Charpentier, 12 points

Wednesday, May 12, 2021

It is this manuscript that started it all—or more specifically, the first few bars of the page. The collection of autograph music by Marc-Antoine Charpentier (1643-1704) gathered in a volume known as Mélanges autographes, vol. 10, contains the Te Deum (H. 146), whose opening bars we have been hearing more and more as we count down to the Eurovision Song Contest final on May 22. It has been a meteoric rise for a composer who went from being relatively obscure in the middle of the 20th century to someone whose melody is the official anthem of the European Broadcasting Union (EBU).

In the preface to H. W. Hitchcock’s Charpentier catalog published in 1982, Norbert Dufourcq looks back on the development of Charpentier studies. He observes that after World War II, the dominance of Germanic composers in French scholarship had finally come to an end, paving the way for a full consideration of the composer’s oeuvre. Modern studies on the composer had emerged in the early 20th century, but even in 1945 Claude Crussard’s monograph labeled Charpentier a “forgotten composer”. The post-war period saw fresh scholarship, concerts, recordings, and modern performing editions that brought Charpentier into the light and to the attention of people outside of France.

Guy Lambert published a modern edition of the Te Deum in 1943. A recording conducted by Louis Martini using Lambert’s edition (Erato, 1953) won the Grand Prix du Disque and brought further attention to this work.
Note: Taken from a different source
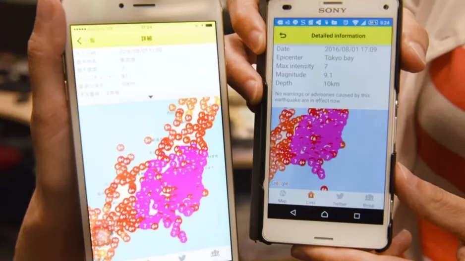 La aplicación Yurekuru envió la alerta a todos los smartphones de sus usuarios, causando gran zozobra: "¡Temblor de tierra! ¡Temblor de tierra!", fue la señal del aplicativo.

Charpentier was gaining momentum.

In 1954, the first 8 (or 16, if you repeat) measures of the Prelude to the Te Deum made their debut as the EBU anthem, heard during a broadcast of a narcissus festival in Switzerland. The anthem also, of course, heralded in the first iteration of the Song Contest two years later. It is still somewhat unclear how the piece came to the attention of the EBU; scholars sometimes point to Lambert’s uncovering of the piece, or maybe it was the BBC, or just a fortuitous discovery. Thomas Betzwieser examined the EBU archives in Geneva but found no discussion of this piece linking it to an EBU decision; he suspects that the selection was made on a national level, which would point the search for relevant documentation to local archives.

Thanks to the major import of 20,000 records from RISM France last year, the RISM database now has all 28 of Charpentier’s bound Mélanges autographes. Volume 10, containing the Te Deum, includes other motets. Just over half of the volumes can be found online through Gallica.

Image: Opening of Marc-Antoine Charpentier’s Te Deum, in bound collection Mélanges autographes, vol. 10, Bibliothèque nationale de France (RISM ID no. 840024141), from gallica.bnf.fr / BnF.